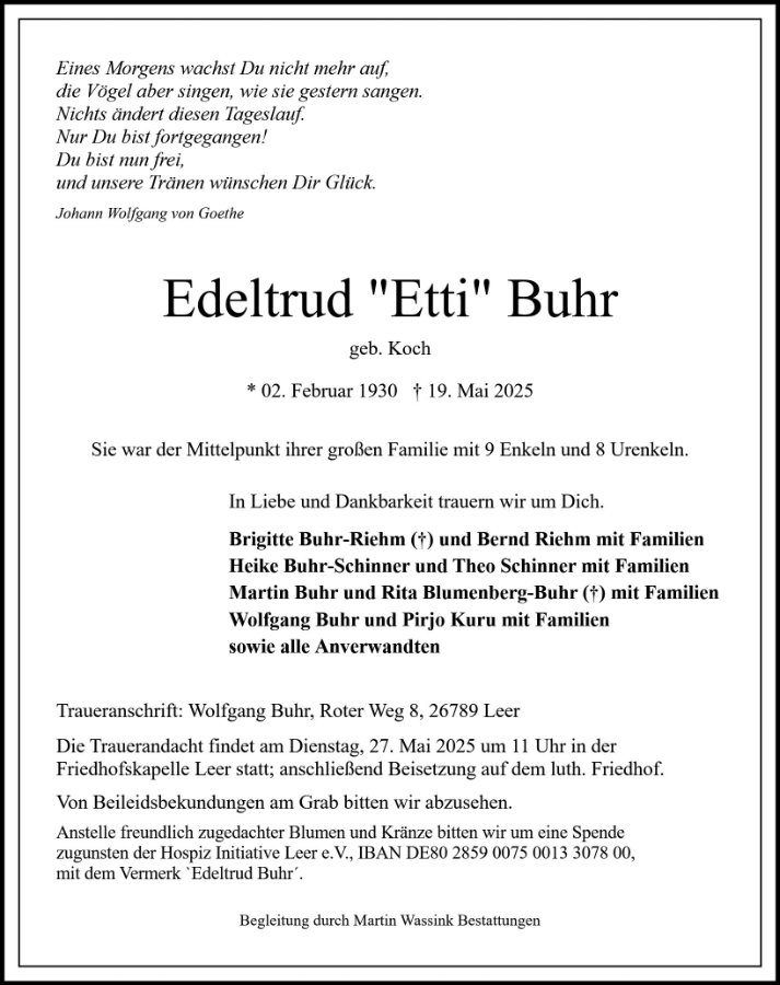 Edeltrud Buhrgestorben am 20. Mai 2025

■ ■ ■ ■ ■ ■ ■

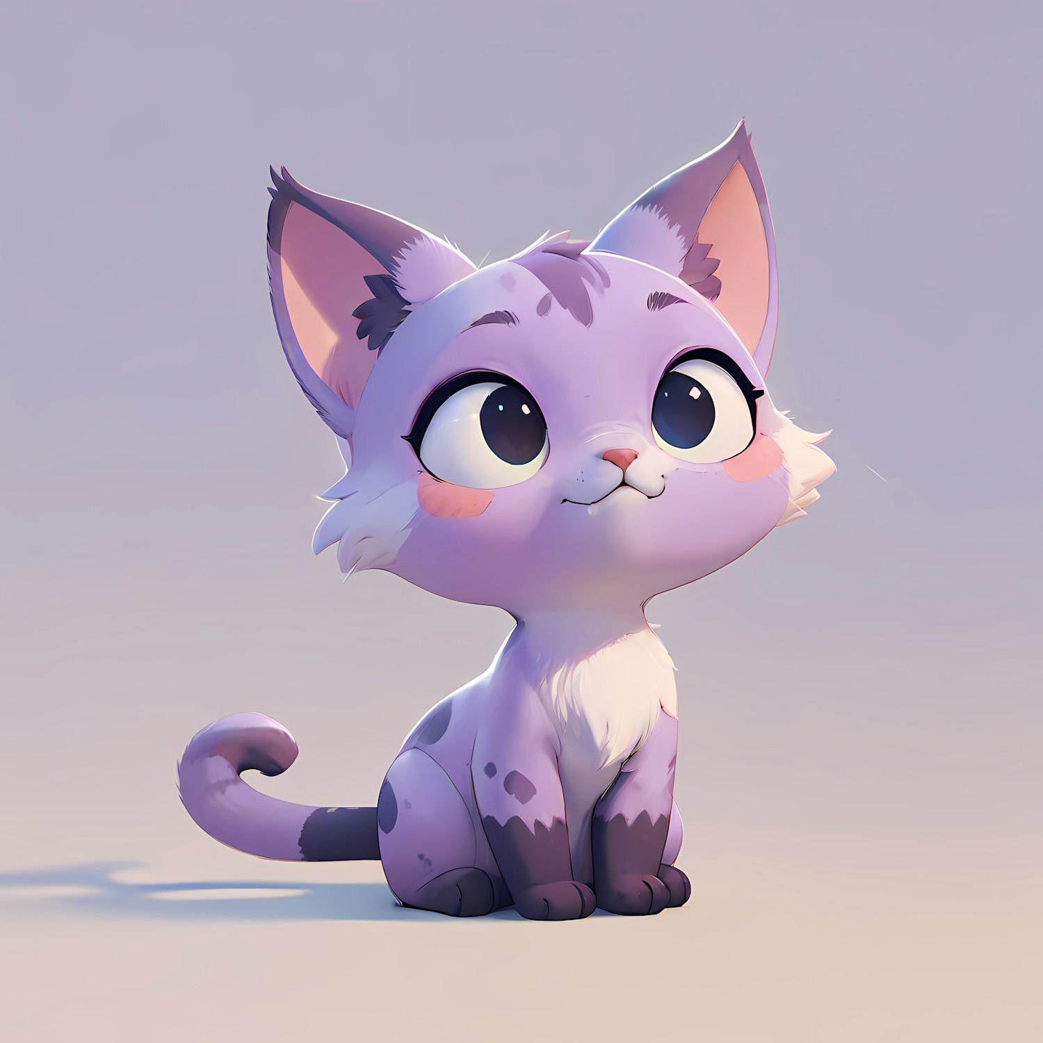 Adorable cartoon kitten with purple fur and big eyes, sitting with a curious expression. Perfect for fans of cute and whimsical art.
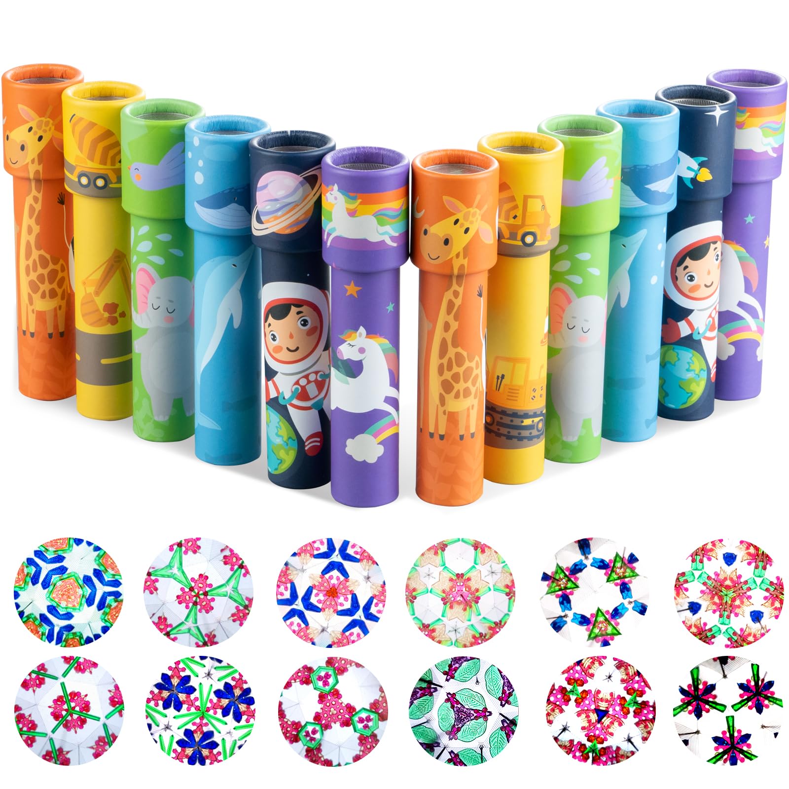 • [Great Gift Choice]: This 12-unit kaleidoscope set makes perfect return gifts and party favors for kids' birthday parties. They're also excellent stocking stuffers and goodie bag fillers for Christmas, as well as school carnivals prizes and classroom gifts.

■ ■ ■ ■ ■ ■ ■

What you write must match the listing exactly, from the line with "Adorable cartoon kitten" up to and including the line with "and classroom gifts.". Pictures stay out.

• SOLUTION
 Adorable cartoon kitten with purple fur and big eyes, sitting with a curious expression. Perfect for fans of cute and whimsical art.
 • [Great Gift Choice]: This 12-unit kaleidoscope set makes perfect return gifts and party favors for kids' birthday parties. They're also excellent stocking stuffers and goodie bag fillers for Christmas, as well as school carnivals prizes and classroom gifts.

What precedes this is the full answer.